- _What to work on_:
Wherever the string "quality" appears in a line of the listing below, report that line.

╭─ Data for processing

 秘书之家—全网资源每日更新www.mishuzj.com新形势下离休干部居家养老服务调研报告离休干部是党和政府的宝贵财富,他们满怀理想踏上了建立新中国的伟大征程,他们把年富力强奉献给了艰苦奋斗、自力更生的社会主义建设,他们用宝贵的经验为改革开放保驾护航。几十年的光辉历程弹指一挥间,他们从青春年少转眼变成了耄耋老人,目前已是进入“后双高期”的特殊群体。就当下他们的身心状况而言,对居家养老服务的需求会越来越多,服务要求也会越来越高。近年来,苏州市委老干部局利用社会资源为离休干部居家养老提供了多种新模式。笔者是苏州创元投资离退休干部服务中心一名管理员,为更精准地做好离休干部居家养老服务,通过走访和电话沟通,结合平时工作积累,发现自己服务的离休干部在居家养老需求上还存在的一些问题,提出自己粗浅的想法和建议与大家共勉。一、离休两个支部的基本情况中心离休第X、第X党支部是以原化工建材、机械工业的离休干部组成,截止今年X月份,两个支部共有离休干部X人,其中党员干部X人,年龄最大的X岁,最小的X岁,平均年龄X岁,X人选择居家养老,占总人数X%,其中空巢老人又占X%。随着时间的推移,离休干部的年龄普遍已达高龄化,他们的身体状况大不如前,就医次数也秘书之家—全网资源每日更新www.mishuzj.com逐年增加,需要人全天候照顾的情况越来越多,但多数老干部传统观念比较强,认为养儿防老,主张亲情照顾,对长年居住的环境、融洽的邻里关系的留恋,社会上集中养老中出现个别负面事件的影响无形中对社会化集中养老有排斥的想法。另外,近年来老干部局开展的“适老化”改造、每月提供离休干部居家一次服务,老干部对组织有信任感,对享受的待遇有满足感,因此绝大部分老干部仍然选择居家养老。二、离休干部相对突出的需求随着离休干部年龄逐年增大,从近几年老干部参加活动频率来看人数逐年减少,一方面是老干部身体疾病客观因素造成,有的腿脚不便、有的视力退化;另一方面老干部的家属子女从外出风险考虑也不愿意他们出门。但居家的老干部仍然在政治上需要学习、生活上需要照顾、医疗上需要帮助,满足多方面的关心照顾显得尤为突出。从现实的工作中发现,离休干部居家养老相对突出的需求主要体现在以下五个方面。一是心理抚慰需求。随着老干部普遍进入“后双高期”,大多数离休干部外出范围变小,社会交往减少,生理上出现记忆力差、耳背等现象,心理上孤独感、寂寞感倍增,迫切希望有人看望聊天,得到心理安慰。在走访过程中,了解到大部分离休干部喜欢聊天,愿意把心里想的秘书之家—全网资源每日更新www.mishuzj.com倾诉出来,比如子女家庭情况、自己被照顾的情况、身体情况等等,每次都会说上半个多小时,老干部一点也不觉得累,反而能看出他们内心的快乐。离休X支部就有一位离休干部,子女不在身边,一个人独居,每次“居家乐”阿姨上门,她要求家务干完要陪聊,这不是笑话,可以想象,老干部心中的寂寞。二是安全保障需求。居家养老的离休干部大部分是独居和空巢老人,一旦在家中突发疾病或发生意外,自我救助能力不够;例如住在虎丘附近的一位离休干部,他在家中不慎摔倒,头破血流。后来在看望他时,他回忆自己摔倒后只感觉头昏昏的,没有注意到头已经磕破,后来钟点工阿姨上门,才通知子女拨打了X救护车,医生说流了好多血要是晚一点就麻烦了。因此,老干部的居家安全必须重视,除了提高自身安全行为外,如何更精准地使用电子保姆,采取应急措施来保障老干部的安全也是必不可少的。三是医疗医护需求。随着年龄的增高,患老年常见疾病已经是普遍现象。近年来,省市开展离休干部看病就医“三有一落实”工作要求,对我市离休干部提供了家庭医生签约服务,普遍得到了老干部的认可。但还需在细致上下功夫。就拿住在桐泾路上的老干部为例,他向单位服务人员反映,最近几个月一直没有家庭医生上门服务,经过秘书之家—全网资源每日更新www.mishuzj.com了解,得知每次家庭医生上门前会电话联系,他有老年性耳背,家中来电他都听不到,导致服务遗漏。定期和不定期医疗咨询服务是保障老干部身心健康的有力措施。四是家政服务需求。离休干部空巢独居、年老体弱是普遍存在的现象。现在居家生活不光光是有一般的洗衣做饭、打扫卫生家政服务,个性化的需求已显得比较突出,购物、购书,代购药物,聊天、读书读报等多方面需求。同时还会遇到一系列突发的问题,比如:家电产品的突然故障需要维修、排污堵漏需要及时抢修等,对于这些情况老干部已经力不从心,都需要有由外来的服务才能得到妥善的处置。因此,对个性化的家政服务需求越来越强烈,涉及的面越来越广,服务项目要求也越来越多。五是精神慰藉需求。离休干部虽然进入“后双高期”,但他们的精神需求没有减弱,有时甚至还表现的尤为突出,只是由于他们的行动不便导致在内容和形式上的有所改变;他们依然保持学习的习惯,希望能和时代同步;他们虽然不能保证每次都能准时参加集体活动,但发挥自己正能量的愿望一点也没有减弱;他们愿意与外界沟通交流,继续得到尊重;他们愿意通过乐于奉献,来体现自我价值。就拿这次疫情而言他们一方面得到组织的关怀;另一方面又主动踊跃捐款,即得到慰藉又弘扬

╰─
╭─ Data for processing

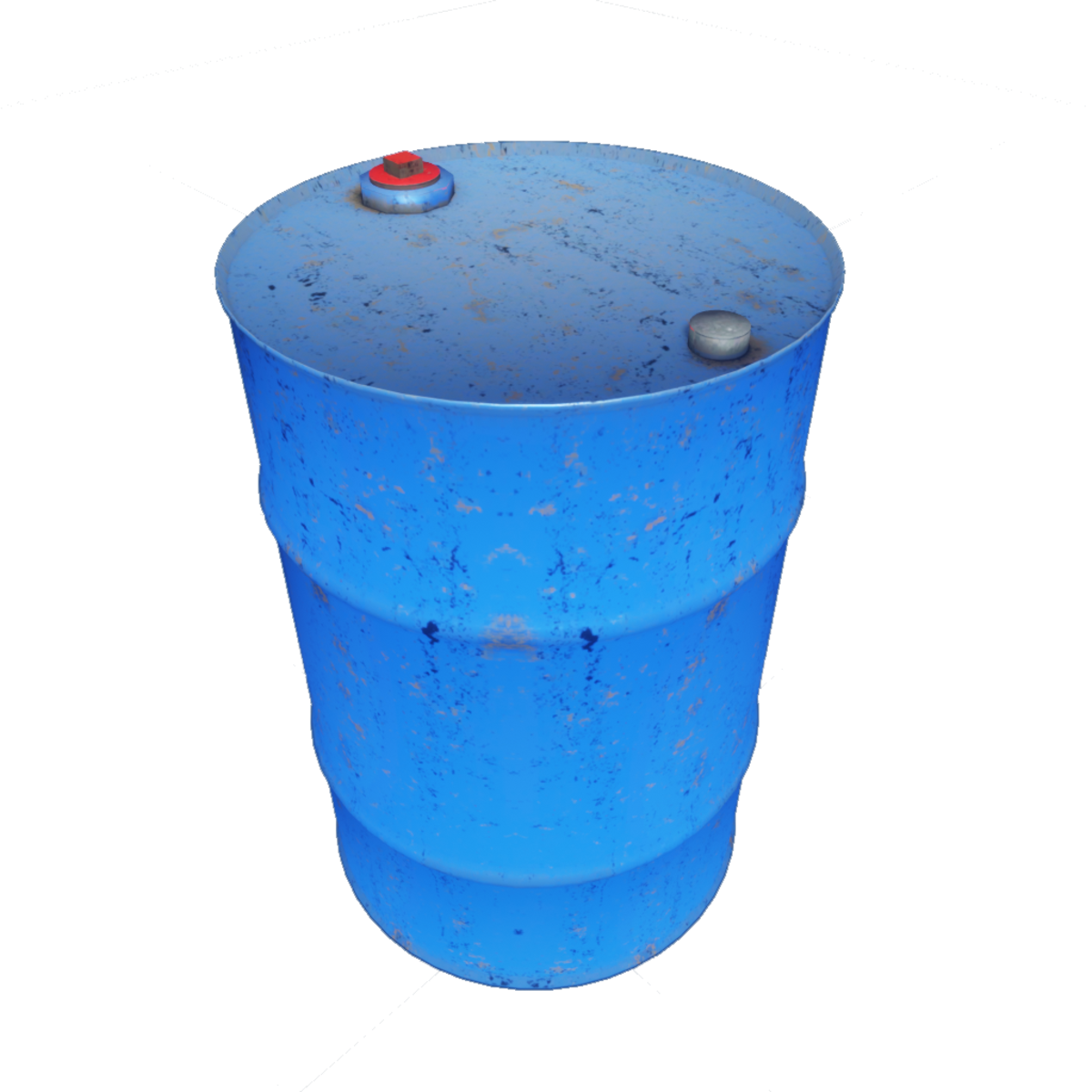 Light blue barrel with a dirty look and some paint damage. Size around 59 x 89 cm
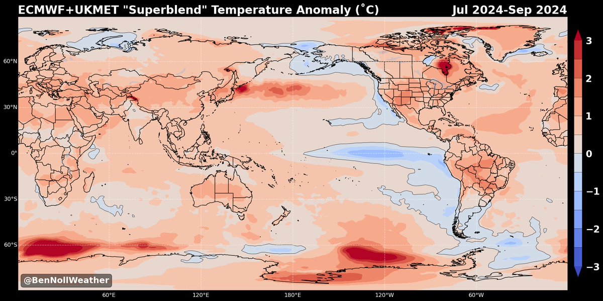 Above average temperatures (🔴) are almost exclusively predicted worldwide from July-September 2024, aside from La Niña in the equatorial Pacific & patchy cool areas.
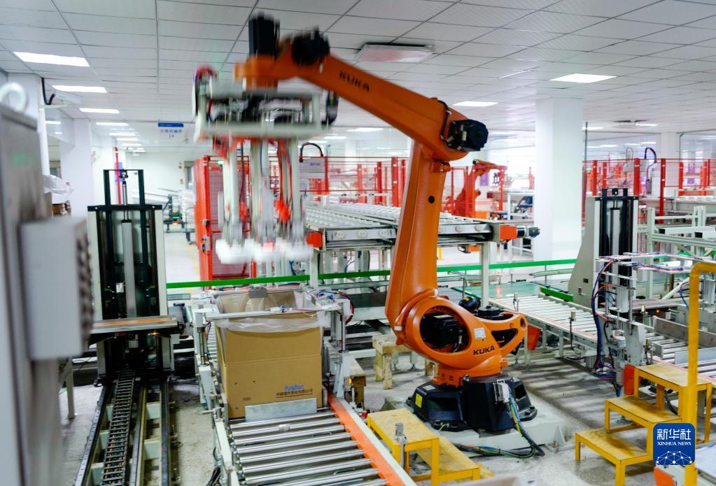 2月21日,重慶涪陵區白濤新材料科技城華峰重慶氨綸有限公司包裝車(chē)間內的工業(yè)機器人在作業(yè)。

╰─
╭─ Data for processing

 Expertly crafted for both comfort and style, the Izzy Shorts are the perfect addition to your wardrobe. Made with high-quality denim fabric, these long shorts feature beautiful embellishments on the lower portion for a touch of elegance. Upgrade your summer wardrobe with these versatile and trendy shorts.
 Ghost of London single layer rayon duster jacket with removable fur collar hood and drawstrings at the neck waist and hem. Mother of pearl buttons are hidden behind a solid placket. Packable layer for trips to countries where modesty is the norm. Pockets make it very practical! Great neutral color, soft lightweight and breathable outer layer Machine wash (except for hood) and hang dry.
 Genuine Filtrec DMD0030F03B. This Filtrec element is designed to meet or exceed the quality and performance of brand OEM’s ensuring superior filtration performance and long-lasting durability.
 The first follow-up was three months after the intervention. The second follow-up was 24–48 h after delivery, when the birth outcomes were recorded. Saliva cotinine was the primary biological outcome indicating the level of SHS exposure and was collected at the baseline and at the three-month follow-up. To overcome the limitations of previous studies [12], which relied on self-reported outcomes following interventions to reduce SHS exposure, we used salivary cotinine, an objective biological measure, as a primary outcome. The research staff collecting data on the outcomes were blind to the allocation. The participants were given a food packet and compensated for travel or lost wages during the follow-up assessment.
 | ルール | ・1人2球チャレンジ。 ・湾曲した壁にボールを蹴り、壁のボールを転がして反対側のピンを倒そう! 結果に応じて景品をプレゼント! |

╰─

- _Reply_:
 Expertly crafted for both comfort and style, the Izzy Shorts are the perfect addition to your wardrobe. Made with high-quality denim fabric, these long shorts feature beautiful embellishments on the lower portion for a touch of elegance. Upgrade your summer wardrobe with these versatile and trendy shorts.
 Genuine Filtrec DMD0030F03B. This Filtrec element is designed to meet or exceed the quality and performance of brand OEM’s ensuring superior filtration performance and long-lasting durability.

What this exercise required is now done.